Du côté web citoyen, les “négos” ont donné lieu à une mobilisation inédite : pétition en ligne, newsletter et page Facebook de la CCAS ont su trouver de l’écho parmi vous. 

Les négociations autour du financement et des moyens alloués aux Activités Sociales de l’énergie ont été l’occasion pour les électriciens et les gaziers de manifester l’intérêt qu’ils portent à un des éléments essentiels de leur contrat de travail.

Petit retour sur votre mobilisation en soutien à vos Activités Sociales. La pétition mise en ligne le 6 juillet dernier, au tout début de la période estivale, recueille dès le premier mois 5 594 signatures. En août, une newsletter, la première d’une série de sept, adressée aux 190 000 abonnés, fait le point sur les discussions. Comme en réponse, vous faites bondir le nombre de signataires à 28 937 ! Dès lors, et jusqu’au mois de janvier, le nombre mensuel des signataires va osciller entre 6 000 et 8 000 pour atteindre, au terme d’actions de terrain et d’explications qui prennent racine, 14 000 signataires pour le seul mois de janvier. Trois journées d’action ont réuni les salariés des IEG sur les unités un peu partout en France : le 18 octobre, le 6 décembre et le 19 janvier… Elles ont été des points forts de votre expression et une occasion d’expliquer les enjeux.

Tous supports confondus, papier et numérique, la pétition pour l’avenir des Activités Sociales dépasse les 105 000 signatures. Au regard des 650 000 bénéficiaires (enfants compris), la pétition rassemble un peu plus de 15 % de la population concernée, ce qui est déjà très important. Rapporté aux effectifs de la branche des IEG, on passe le cap considérable des 70 %… La réalité est sans doute à mi-chemin.

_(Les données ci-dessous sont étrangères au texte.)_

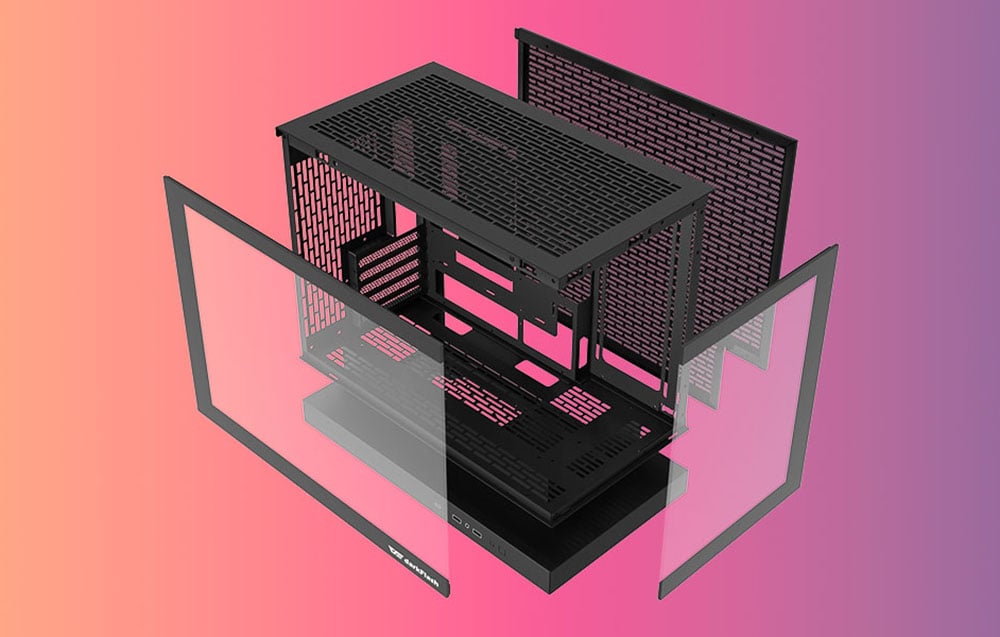 A ház kiváló minőségű, 0,8 mm vastagságú SPCC acélból készült, amely garantálja a tartósságot és a stabilitást. Emellett edzett üveglapok teszik láthatóvá a belső teret, és az egész egység rendkívül modernnek tűnik - ez a megoldás remekül mutat a játékosok asztalán és azon túl is.

Mais le score atteint ne peut pas être interprété autrement que comme un attachement fort et un vif intérêt pour le sort de vos Activités Sociales, tout comme il témoigne de votre capacité de mobilisation solidaire dans une période compliquée de l’histoire du service public de l’énergie.

Le 21 janvier dernier, date à laquelle les employeurs présentaient leurs projets de décisions, vos élus leur remettaient à Paris, comme promis, vos pétitions. Depuis le mois de septembre, date du début de ces discussions, ils ont été un des sujets de débat au cœur des entreprises. Pas les seuls, vous le savez.

Signature de la pétition chez Regaz, à Bordeaux en octobre 2016 ©S.LeClezio/CCAS

Les choix contestés du projet de Hinkley Point, l’ouverture des concessions des barrages hydrauliques, l’avenir de la filière nucléaire ou les coupes claires dans l’emploi, la fermeture des boutiques de proximité, enfin l’annonce du gel du salaire national de base pour 2017, ont fini d’assombrir le tableau des menaces qui pèsent sur l’avenir du service public de l’énergie en France. Ainsi, l’impact social des orientations européennes et gouvernementales menace à présent à la fois l’emploi, les salaires et les Activités Sociales de l’énergie. Les électriciens et gaziers ne s’arc-boutent pas sur leurs “privilèges”. Ils défendent, à leur place, un secteur important du modèle social et solidaire de notre pays auquel certains, à la faveur des échéances électorales, souhaiteraient pouvoir mettre un terme.

Pourquoi ils signent ?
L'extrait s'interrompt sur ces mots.